- ICH GCP
- US Clinical Trials Registry
- Clinical Trial NCT05015218
Internal Jugular Vein and Spinal-induced Hypotension
Internal Jugular Vein Ultrasound for the Prediction of Spinal-induced Hypotension in Dehydrated Elderly Patients With Orthopaedic Trauma
Study Overview
Status
Conditions
Intervention / Treatment
Detailed Description
Study design; Observational
Recruitment: Preoperative anesthetic and cardiovascular evaluation by the anesthesiology department as well as the cardiology department to define patients with predetermined criteria. Patients' medical history, blood tests (e.g. blood urea and cratinine) physical examination, electrocardiogram (ECG), and X-ray assessment are performed during the pre-operative assessment, supplemented by specific exams or tests (e.g. TTE, troponin or pro-BNP levels) as per the consultant cardiologists' recommendations.
Consecutive sampling of aging patients (>70 years), who sustain trauma of the lower limb(hip fractures) undergoing an orthopedic surgical procedure (hip fracture repair) and planned spinal anesthesia. More specifically, patients included, are subjected to an orthopaedic surgical repair of a proximal femur fracture under spinal anaesthesia. All patients or their relatives provide a written consent to participate in the study.
- Inclusion criteria/initial screening: Age>70 years. Nitrogen Urea/Creatinine>20.American College of Cardiology (ACC) stage I or II.
Exclusion criteria includes severe pulmonary hypertension/tricuspid regurgitation, tachycardia (heart rate > 100 beats/min), atrial fibrillation. Additionally, all patients who has spinal anaesthesia and the maximum cephalad dermatomal extension of the sensory block is below T12 are excluded from the study. Arterial hypotension related to overt intra-operative bleeding (>150 cc) or patients requiring blood transfusion, for any reason, is not considered in the statistical analysis.

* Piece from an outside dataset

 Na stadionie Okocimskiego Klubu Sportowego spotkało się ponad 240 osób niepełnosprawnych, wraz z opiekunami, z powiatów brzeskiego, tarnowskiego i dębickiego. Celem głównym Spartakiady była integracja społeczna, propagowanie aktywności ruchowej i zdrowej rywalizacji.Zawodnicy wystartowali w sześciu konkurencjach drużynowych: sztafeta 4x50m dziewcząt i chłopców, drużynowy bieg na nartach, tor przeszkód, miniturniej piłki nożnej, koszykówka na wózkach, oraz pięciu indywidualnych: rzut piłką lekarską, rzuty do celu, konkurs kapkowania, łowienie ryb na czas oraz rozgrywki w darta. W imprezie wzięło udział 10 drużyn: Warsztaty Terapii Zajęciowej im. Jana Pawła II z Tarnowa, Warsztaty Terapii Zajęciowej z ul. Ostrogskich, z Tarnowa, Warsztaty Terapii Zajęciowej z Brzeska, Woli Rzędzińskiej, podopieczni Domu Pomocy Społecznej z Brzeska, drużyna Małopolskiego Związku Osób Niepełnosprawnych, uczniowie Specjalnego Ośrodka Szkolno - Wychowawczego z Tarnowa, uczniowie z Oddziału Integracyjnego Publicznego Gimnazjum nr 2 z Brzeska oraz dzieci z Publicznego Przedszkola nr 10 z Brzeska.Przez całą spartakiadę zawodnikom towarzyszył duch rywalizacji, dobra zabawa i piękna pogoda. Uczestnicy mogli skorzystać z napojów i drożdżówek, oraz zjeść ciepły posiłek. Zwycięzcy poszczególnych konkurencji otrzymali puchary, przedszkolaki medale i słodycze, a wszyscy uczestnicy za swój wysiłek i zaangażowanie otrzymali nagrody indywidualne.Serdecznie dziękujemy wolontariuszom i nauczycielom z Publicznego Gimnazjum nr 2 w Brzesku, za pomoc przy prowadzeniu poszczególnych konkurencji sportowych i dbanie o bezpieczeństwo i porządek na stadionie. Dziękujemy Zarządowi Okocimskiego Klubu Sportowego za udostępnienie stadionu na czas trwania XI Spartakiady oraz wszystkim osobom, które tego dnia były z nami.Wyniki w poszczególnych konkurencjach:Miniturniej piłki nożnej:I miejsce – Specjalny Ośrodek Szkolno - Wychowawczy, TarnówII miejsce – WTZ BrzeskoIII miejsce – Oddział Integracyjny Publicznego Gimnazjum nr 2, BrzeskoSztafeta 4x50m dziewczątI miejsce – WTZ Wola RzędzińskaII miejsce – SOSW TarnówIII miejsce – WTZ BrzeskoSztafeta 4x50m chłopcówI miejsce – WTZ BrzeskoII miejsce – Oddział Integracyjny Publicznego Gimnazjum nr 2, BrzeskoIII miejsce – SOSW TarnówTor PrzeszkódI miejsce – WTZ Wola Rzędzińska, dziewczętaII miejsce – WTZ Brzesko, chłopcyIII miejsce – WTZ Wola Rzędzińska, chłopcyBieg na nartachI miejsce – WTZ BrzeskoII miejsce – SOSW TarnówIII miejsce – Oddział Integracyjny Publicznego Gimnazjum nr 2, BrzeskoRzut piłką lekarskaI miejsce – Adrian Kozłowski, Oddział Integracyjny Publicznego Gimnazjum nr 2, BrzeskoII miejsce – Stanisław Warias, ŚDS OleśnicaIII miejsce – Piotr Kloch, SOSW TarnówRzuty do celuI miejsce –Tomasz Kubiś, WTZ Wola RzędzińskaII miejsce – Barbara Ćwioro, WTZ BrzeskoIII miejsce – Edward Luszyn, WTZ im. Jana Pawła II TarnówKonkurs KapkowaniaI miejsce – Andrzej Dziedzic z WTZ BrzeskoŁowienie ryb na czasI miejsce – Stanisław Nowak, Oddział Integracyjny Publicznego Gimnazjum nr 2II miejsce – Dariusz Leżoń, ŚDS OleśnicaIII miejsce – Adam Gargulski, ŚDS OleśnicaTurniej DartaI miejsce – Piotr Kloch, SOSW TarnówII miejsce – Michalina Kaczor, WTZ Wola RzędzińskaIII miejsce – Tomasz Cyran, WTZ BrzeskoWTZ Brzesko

2. Preoperative POCUS IJV ultrasonography To visualize both the right and left IJV a linear transducer with a 5-10 MHz linear probe is placed over the neck, and the IJV is measured just below the bifurcation of the sternal and clavicular heads of the muscle. The IJV measurements are performed on the transverse axis during spontaneous quiet, breathing. Patients with evidence of IJV thrombosis are excluded. IJV measurements included the maximum area at the end of expiration (IJVmax), the minimum area at the end of inspiration (IJVmin), the IJV collapsibility index (IJV-CI): [(IJVmax - IJVmin area)/IJVmax] and the ratio (R) of IJVmax-to-IJV-CI. Two examiners each performed all the measurements, generating two values; the mean of these values is used for analysis.
3. Anesthetic protocol and measurements. Spinal anesthesia is introduced with a single intrathecal injection of 0.75% (15 mg) plain ropivacaine using a 22 or 25-gauge needle with the patient in the lateral or sitting position. Intraoperative ECG, SPO2 and non-invasive blood pressure (measurements every two minutes) monitoring are routinely used. The non-invasive blood pressure is measured every 2 minutes and vital parameters are recorded continuously throughout surgery.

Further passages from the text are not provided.